DATA PROVIDED:
§

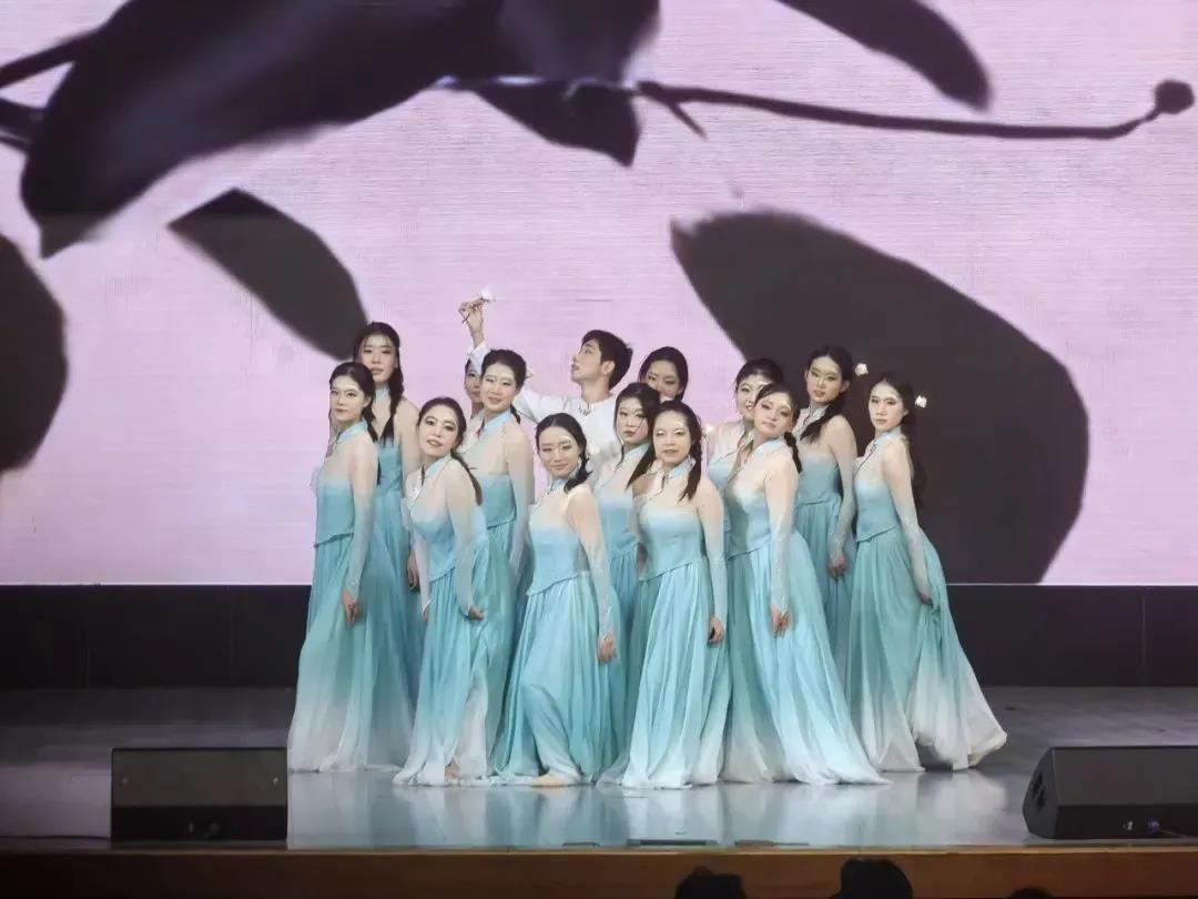 群舞环节,williamhill英国12名本科新生、2名研究生新生带来一支《茉莉吟》。环佩青衣,衣袂翻飞,轻绘琼葩绿鬓;盈盈素靥,羽衣翩跹,尽绎冰姿玉骨。一抹抹青白色的身影绽放幽香,踏着音乐的旋律展现婀娜身影。那点点茉莉好似圣洁之光,那轻盈的身姿倾情献舞。行云流水的起落,诉说典雅而和谐的美感;形神兼备的舞姿,诠释温婉又灵动的气质。
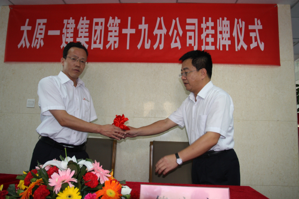 8月25日上午10時(shí),集團(tuán)公司十九分公司舉行揭牌授印儀式。集團(tuán)公司領(lǐng)導(dǎo)王貴聰、張岐泰、宋雙玉、司中謙、王斌、路志旭、趙晨輝、王建萍、劉潔、趙琦、李隆、范立強(qiáng)及機(jī)關(guān)各部門負(fù)責(zé)人,十九分公司全體領(lǐng)導(dǎo)及部分管理人員出席了揭牌儀式。集團(tuán)公司副總經(jīng)理趙琦主持儀式。人力資源部部長范立強(qiáng)宣讀對十九分公司的聘任決定;總經(jīng)理王貴聰向十九分公司經(jīng)理原扎根授印;王貴聰、原扎根分別在經(jīng)營目標(biāo)責(zé)任書上簽字;原扎根做表態(tài)講話:與太原一建集團(tuán)由相識相知到今天成為集團(tuán)公司這個(gè)大家庭的一個(gè)基層單位,由過去的游擊隊(duì)變?yōu)檎?guī)軍,我們感到非常的激動(dòng)和自豪。十九分公司站在了發(fā)展的新起點(diǎn),決心在今后的工作中,在集團(tuán)公司的正確領(lǐng)導(dǎo)下積極奮斗,盡職盡責(zé),干好事業(yè),圓滿完成集團(tuán)公司下達(dá)的各項(xiàng)指標(biāo)和交辦的各項(xiàng)任務(wù),為集團(tuán)公司重塑形象加快發(fā)展,做出十九分公司積極的貢獻(xiàn)。王貴聰作重要講話:首先,代表集團(tuán)公司祝賀十九分公司成立揭牌。太原一建集團(tuán)領(lǐng)導(dǎo)和全體員工真誠、熱情、熱烈地歡迎十九分公司的全體員工融入到集團(tuán)公司來,真正成為一家人一個(gè)團(tuán)隊(duì)。第二,希望十九分公司盡快融入集團(tuán)公司這個(gè)大家庭,從各個(gè)方面跟上集團(tuán)公司的整體發(fā)展步伐,同時(shí),集團(tuán)公司領(lǐng)導(dǎo)和各部門要對十九分公司的工作給予大力的幫助支持。第三,希望十九分公司要體現(xiàn)出特色,發(fā)揮好各種資源,在企業(yè)生產(chǎn)經(jīng)營、企業(yè)管理、市場開拓、重塑企業(yè)形象等各方面體現(xiàn)出十九分公司的優(yōu)勢和特點(diǎn),為集團(tuán)公司加快發(fā)展,重塑形象做出積極的貢獻(xiàn)。最后,王貴聰與原扎根在鞭炮聲、熱烈的掌聲中共同為集團(tuán)公司十九分公司揭牌,集團(tuán)公司領(lǐng)導(dǎo)與十九分公司領(lǐng)導(dǎo)合影留念。
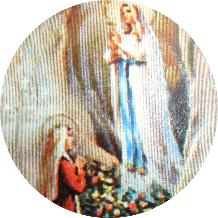 La medaglietta è in porcellana con stampata una immagine rappresentante l'Apparizzione di Madonna di Lourdes a Bernadette Soubirous.
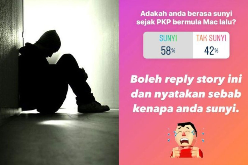 SEJAK kerajaan memperkenalkan Perintah Kawalan Pergerakan (PKP) mulai 8 Mac lalu bagi membendung penularan virus Covid-19, kita perlu duduk di rumah sebagai langkah berjaga-jaga. Meskipun kini negara dalam proses pemulihan daripada wabak itu namun peningkatan kes gelombang ketiga sejak September lalu telah membuatkan ramai daripada kita resah wabak itu tidak dapat dibendung.ARTIKEL BERKAITAN: Ada hubungan positif antara permainan video dengan kesihatan mental tatkala Covid-19, ketahui bagaimana Keputusan kerajaan memperkenalkan kembali Perintah Kawalan Pergerakan Bersyarat (PKPB) di seluruh negara kecuali di Perlis, Pahang dan Kelantan sedikit sebanyak mengundang resah walaupun syarat PKPB tidak terlalu ketat. Pun begitu menerusi undian yang dilakukan mStar di Instagram, 58 peratus mengakui berasa sunyi apabila terpaksa menghabiskan banyak masa di rumah, manakala 42 peratus yang lain berpendapat situasi semasa tidak memberi kesan kepada kesihatan mental mereka. Ramai yang ingin kembali ke sekolah. Golongan paling terkesan adalah pelajar sekolah yang rata-rata memberitahu mereka berasa sunyi kerana tidak banyak perkara dapat dilakukan di rumah meskipun masih dapat belajar secara dalam talian. Ramai berpendapat belajar secara dalam talian masih mempunyai banyak kelemahan termasuk fokus terganggu disebabkan capaian Internet tidak stabil, bunyi bising serta faktor lain seperti berasa tidak semangat dan gangguan lain di rumah. Rata-rata juga berharap sekolah dapat dibuka kembali terutamanya kepada pelajar yang bakal menduduki peperiksaan penting seperti Sijil Pelajaran Malaysia (SPM) dan Sijil Tinggi Pelajaran Malaysia (STPM). "Rasanya dah tiada apa yang boleh dilakukan lagi dirumah. Nak tengok Instagram, semua dah tengok. Sampaikan semua darama Korea sudah khatam! Jadi kebanyakan masa hanya buat kerja sekolah. "Memang rasa bosan dan sunyi. Kalau dapat ke sekolah, boleh jumpa rakan-rakan, guru dan belajar pun lebih bersemangat," komen salah seorang pengikut mStar. Antara punca rasa sunyi adalah disebabkan masalah perhubungan. Sementara itu, ada pula memberitahu perasaan sunyi sepanjang Covid-19 itu melanda disebabkan terpaksa berjauhan dengan insan tersayang yang tinggal berasingan selain tidak dapat merentas negeri. Malah ada juga menyifatkan PKP dan penyebaran wabak ini telah memberi kesan kepada rumah tangga mereka. "Sunyi sangat... Sejak PKP saya dan isteri berjauhan dan hubungan kami pula tidak berapa baik ketika ini. Masing-masing mengambil masa untuk tenangkan diri. Doakan kami agar dapat mengharungi cabaran dan dugaan ini," kata salah seorang pengikut mStar yang lain. Tidak hanya yang berjauhan, pasangan suami-isteri yang 'terperangkap' di dalam rumah setiap hari juga mula berhadapan dengan masalah seperti tiada komunikasi, bertengkar serta lebih banyak buat hal masing-masing. Selain itu, ada pula terpaksa berhadapan dengan situasi ditinggalkan kekasih hanya gara-gara sudah lama tidak bertemu dan menjadikan ia alasan untuk berpisah. "Memang rasa sunyi dan tertekan! Sudahlah ditinggalkan, nak keluar rumah bersemuka pun tak boleh. Jadi mahu tak mahu, terpaksa terima dan reda sahaja. Pasti ada hikmahnya," kata salah seorang pengikut mStar. Dalam kaji selidik sama, selain pelajar berasa sunyi kerana tidak dapat ke sekolah dan pasangan mengalami masalah rumah tangga, penyebab rasa sunyi lain yang dikongsi pengikut mStar adalah disebabkan kehilangan pekerjaan. Biarpun reda dengan keputusan majikan namun ia sedikit sebanyak menggangu kesihatan mental mereka kerana sukar mendapat pekerjaan baharu ditambah peningkatan kes Covid-19 dan PKPB yang sedang dilaksanakan kerajaan. Nak macam-macam info? Join grup Telegram mStar!
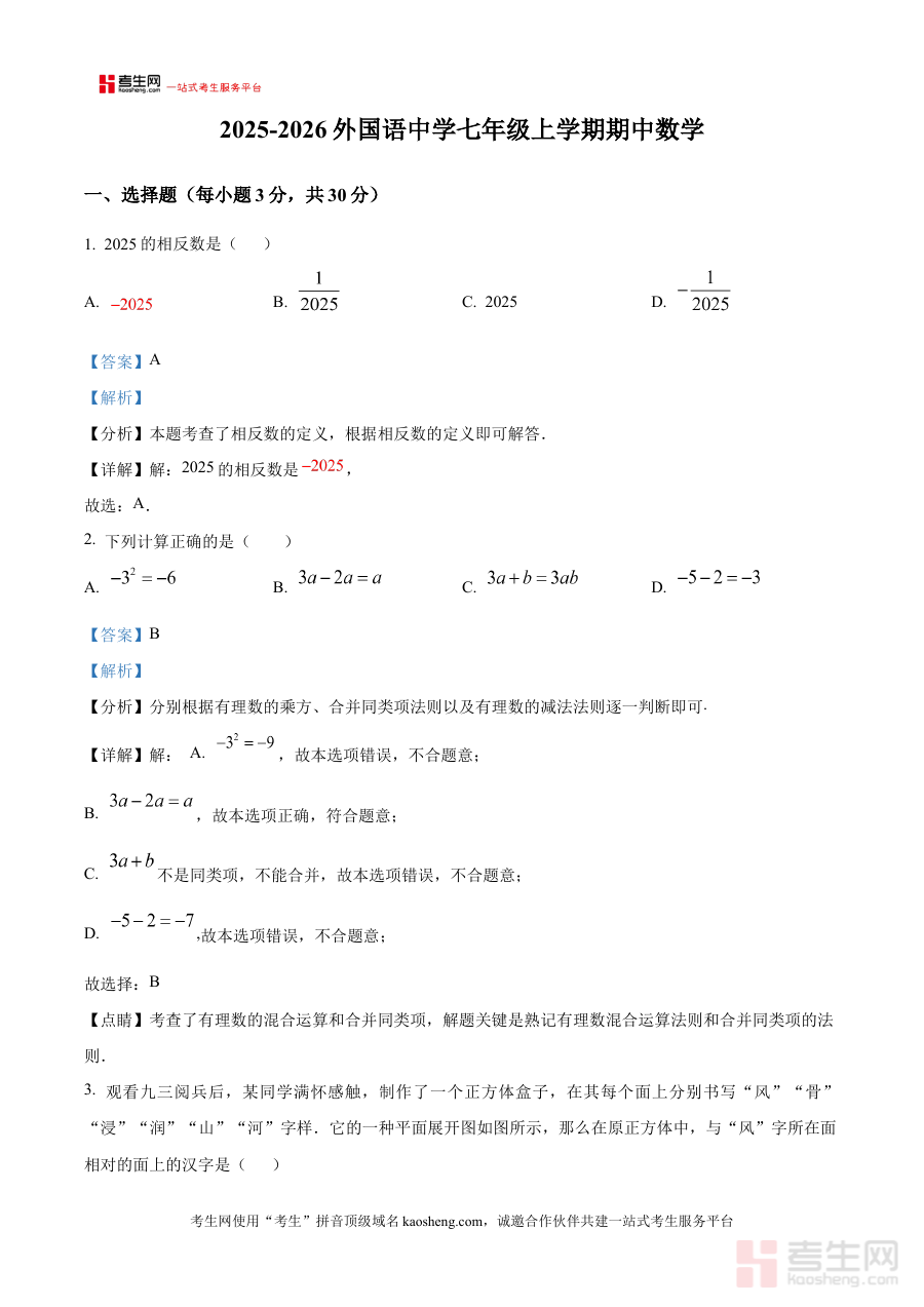 《精品解析:河南省郑州外国语中学2025-2026学年七年级上学期期中考试数学试卷(解析版)》是针对河南省郑州市郑州外国语中学2025-2026学年七年级上学期数学期中考试的专业备考资料。该资料聚焦七年级上学期数学学科的期中阶段考查需求,依托郑州外国语中学的期中测试体系,为使用者提供与该校期中数学考试直接相关的解析内容,有助于使用者快速把握该次考试的核心方向,提前适应考试的考查模式与要求。
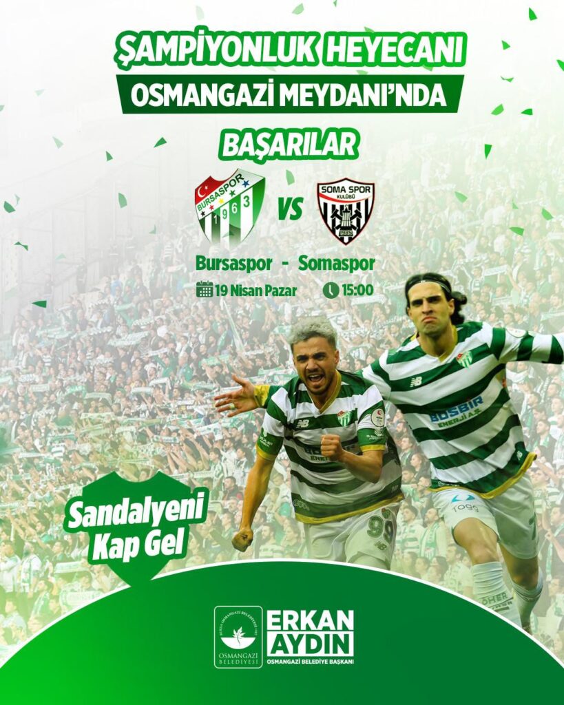 Yeşil-beyazlıların pazar günü Somaspor ile oynayacağı ve en az 1 puan alması halinde şampiyonluğunu ilan edeceği kritik karşılaşma, Osmangazi Meydanı’nda kurulacak dev ekranda taraftarlarla buluşacak.
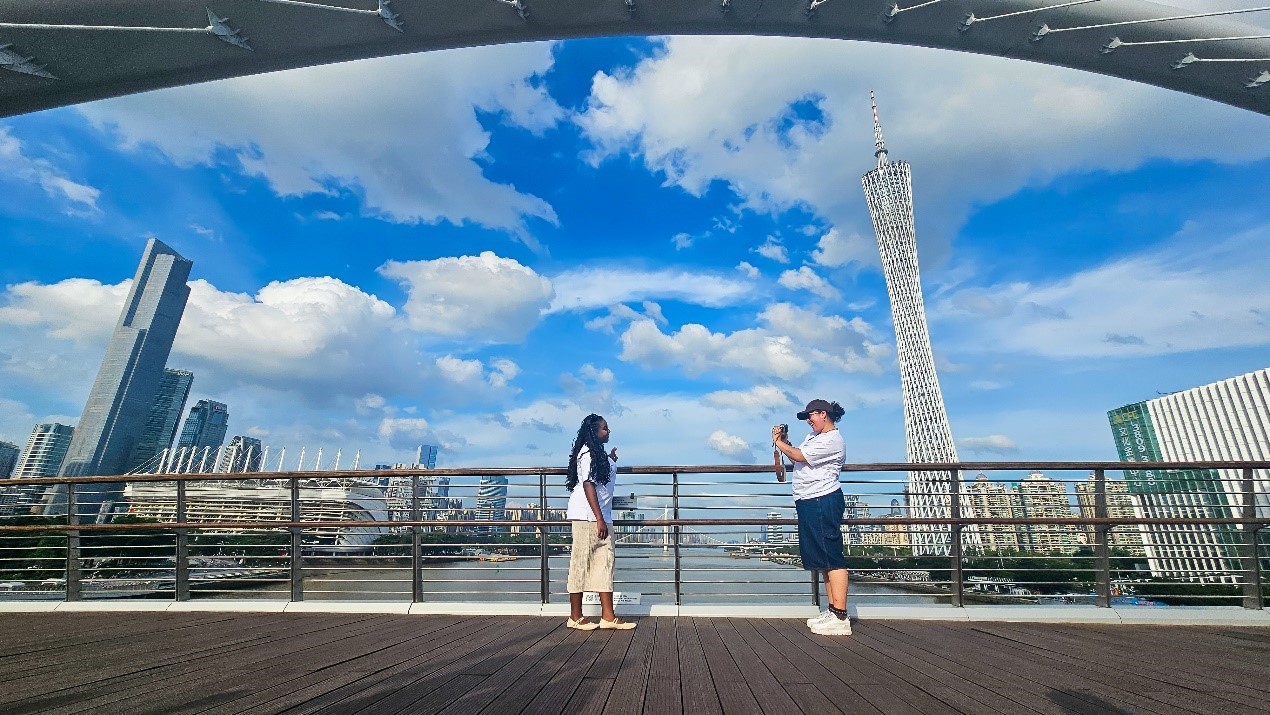 Two British students, Roberta Rennie (left) and Amelia Sleight, take photos at Haixin Bridge, a landmark in Guangzhou, south China's Guangdong Province, July 1, 2024. (Photo provided to People's Daily Online)

§

ACTIVITY: Nothing but the lines from the line holding "Yeşil-beyazlıların pazar günü" through the last line of the entries above is to be reproduced, exactly and without pictures.

SOLUTION FOR THIS TASK:
 Yeşil-beyazlıların pazar günü Somaspor ile oynayacağı ve en az 1 puan alması halinde şampiyonluğunu ilan edeceği kritik karşılaşma, Osmangazi Meydanı’nda kurulacak dev ekranda taraftarlarla buluşacak.
 Two British students, Roberta Rennie (left) and Amelia Sleight, take photos at Haixin Bridge, a landmark in Guangzhou, south China's Guangdong Province, July 1, 2024. (Photo provided to People's Daily Online)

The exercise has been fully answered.